YOUR TASK =
Set down, character for character, everything in the records below from the line holding "LetsShave Pro 6" down to the line holding "Кетчуп Heinz томатный", and no other line.

EXTRACTED ENTRIES =
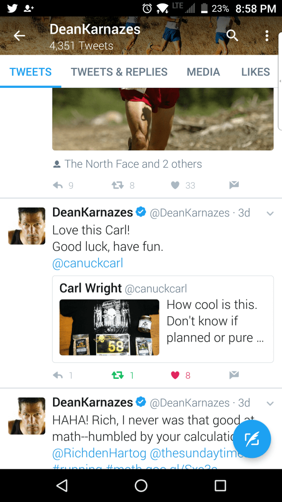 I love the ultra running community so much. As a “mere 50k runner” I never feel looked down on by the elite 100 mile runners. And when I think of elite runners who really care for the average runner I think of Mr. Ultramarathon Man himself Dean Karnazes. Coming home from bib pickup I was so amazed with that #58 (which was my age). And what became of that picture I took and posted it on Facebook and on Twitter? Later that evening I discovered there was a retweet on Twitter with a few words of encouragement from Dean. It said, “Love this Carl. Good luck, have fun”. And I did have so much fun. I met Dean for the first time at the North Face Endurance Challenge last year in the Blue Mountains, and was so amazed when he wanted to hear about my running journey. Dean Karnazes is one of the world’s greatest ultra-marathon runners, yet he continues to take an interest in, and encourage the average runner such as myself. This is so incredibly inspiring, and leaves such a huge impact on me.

* * *

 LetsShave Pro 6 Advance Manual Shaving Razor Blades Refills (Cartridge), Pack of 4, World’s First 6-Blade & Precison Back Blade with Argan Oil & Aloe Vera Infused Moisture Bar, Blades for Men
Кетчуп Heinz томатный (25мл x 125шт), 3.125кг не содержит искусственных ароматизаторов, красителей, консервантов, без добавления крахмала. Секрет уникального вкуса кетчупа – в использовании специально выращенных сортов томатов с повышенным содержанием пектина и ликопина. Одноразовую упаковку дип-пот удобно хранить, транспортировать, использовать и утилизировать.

TASK RESULT =
 LetsShave Pro 6 Advance Manual Shaving Razor Blades Refills (Cartridge), Pack of 4, World’s First 6-Blade & Precison Back Blade with Argan Oil & Aloe Vera Infused Moisture Bar, Blades for Men
Кетчуп Heinz томатный (25мл x 125шт), 3.125кг не содержит искусственных ароматизаторов, красителей, консервантов, без добавления крахмала. Секрет уникального вкуса кетчупа – в использовании специально выращенных сортов томатов с повышенным содержанием пектина и ликопина. Одноразовую упаковку дип-пот удобно хранить, транспортировать, использовать и утилизировать.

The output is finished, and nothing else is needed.